A couple of days after her chat with Andrew, Kate met another resident of Seaview Grange: the one she was particularly keen to meet. It was during one of her daily walks with Barney; occasionally she liked to hike up the hill to Middle Tinworthy and stroll in the woods behind the old church. On this occasion she’d actually managed to persuade Angie to accompany her. And it was there that she came across a stocky, dark-haired man walking a French bulldog and a small black pug.

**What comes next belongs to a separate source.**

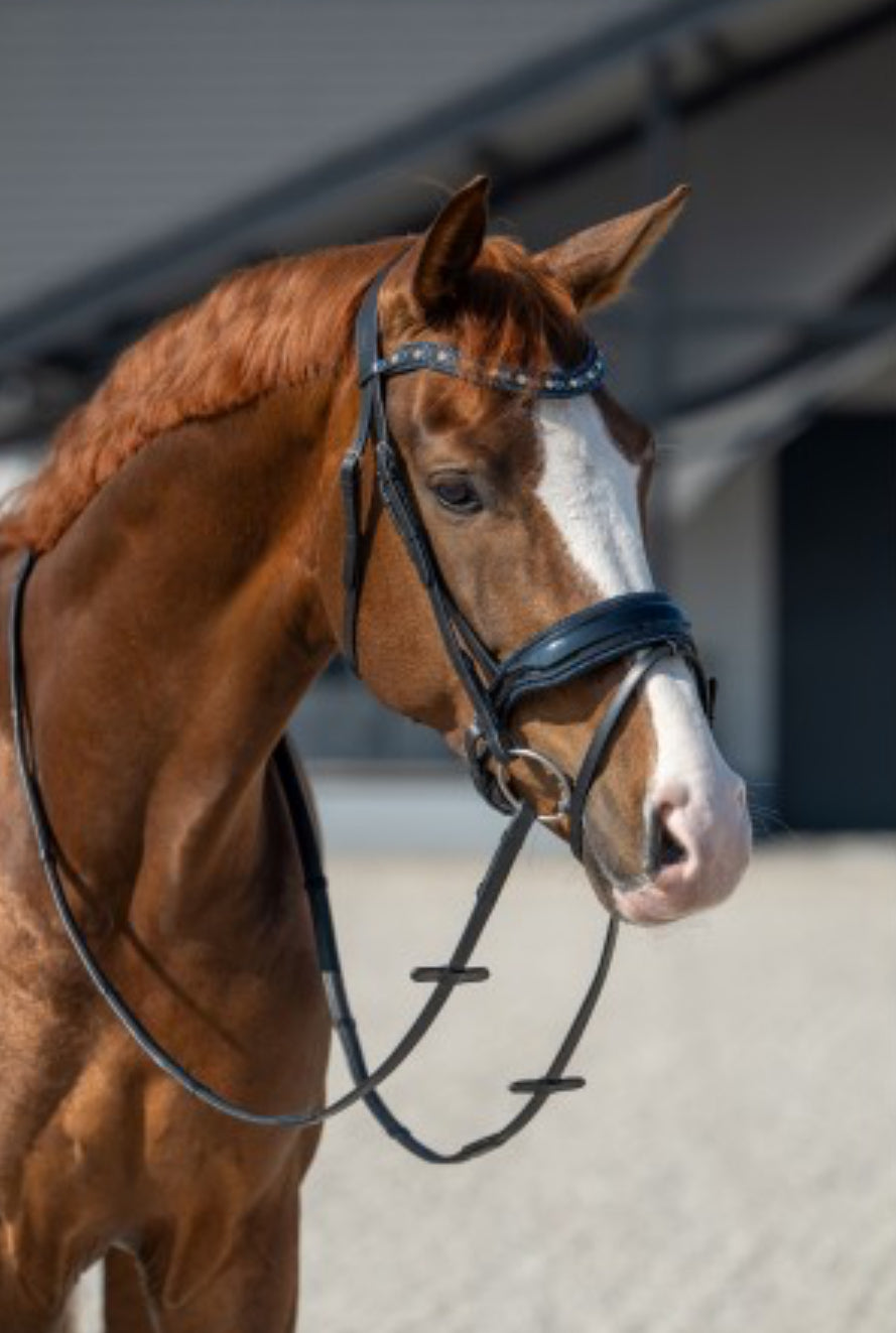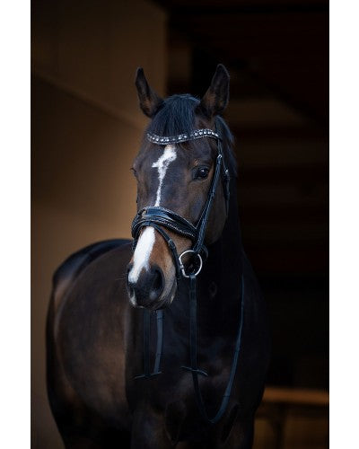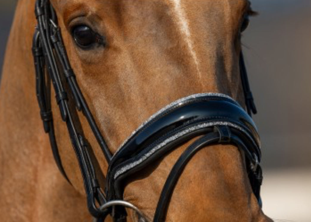 Ce bridon a été spécialement conçu avec une têtière anatomique, douce et découpée en retrait. Cette têtière est façonnée de manière à réduire la pression derrière les oreilles et sur la tête.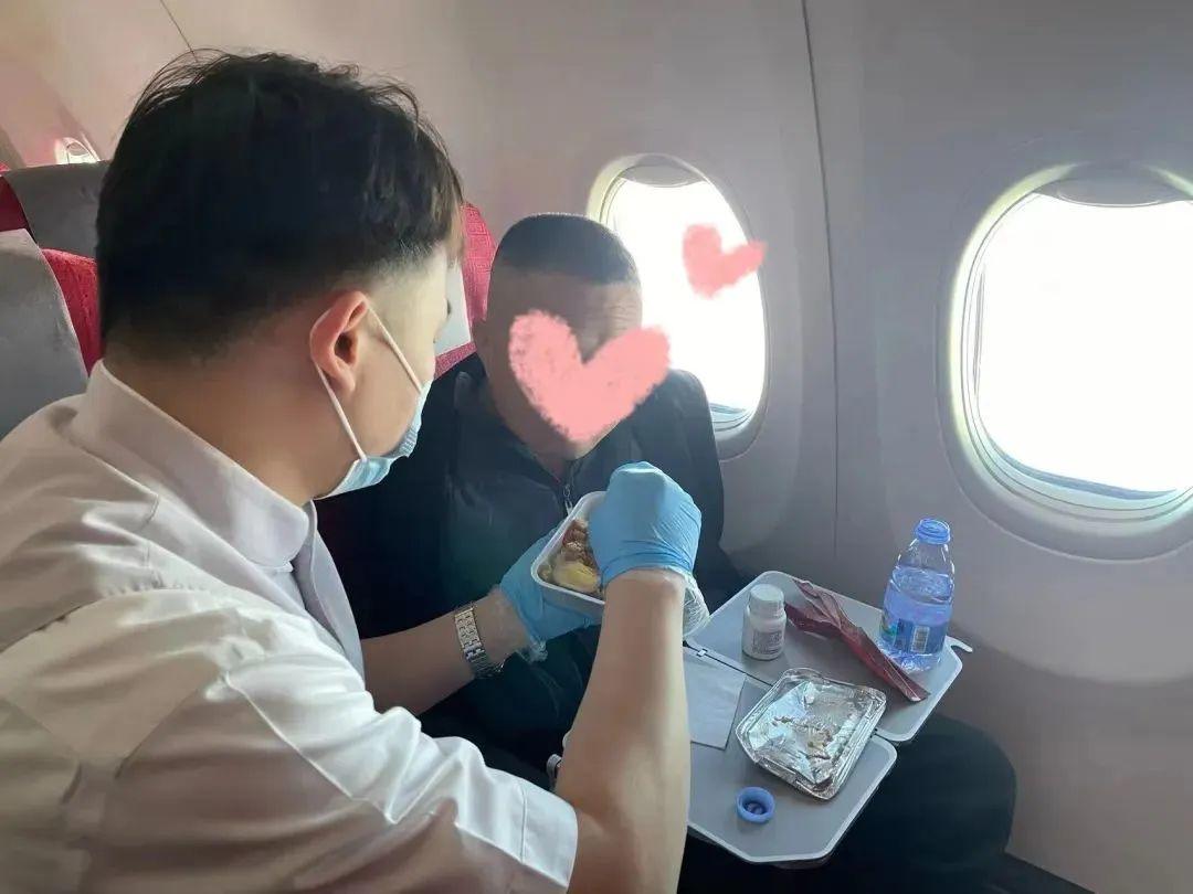 乘務員放下手頭工作,來到這位身邊,端起熱食,一勺一勺喂到旅客嘴裏。

Kate felt sure she’d seen the pug before and, as Barney sniffed round the pug, it started yapping.
‘Bloody animal!’ said the man.
‘Ugh, noisy thing!’ Angie remarked under her breath.
‘Have you had it long?’ Kate asked politely, indicating the pug, which continued to yap.
‘It ain’t mine!’ he said. ‘I’m walkin’ it for a couple of old girls up where I work.’ He nodded his head vaguely in the direction of Upper Tinworthy. ‘Hate the thing – yaps all the time.’ He grinned. ‘I bring it down through the woods so nobody sees me with the bloody creature!’
Kate laughed. ‘It wouldn’t belong to the Potter ladies, would it?’
He sniffed. ‘They friends of yours?’
‘No, but I’m a nurse and I had occasion to visit them recently.’
He studied her for a moment. ‘Would you be that nurse what got mixed up in them murders back in the spring?’
‘That’s me,’ Kate admitted.
‘She gets mixed up with everything,’ Angie put in as she stooped down to stroke the bulldog.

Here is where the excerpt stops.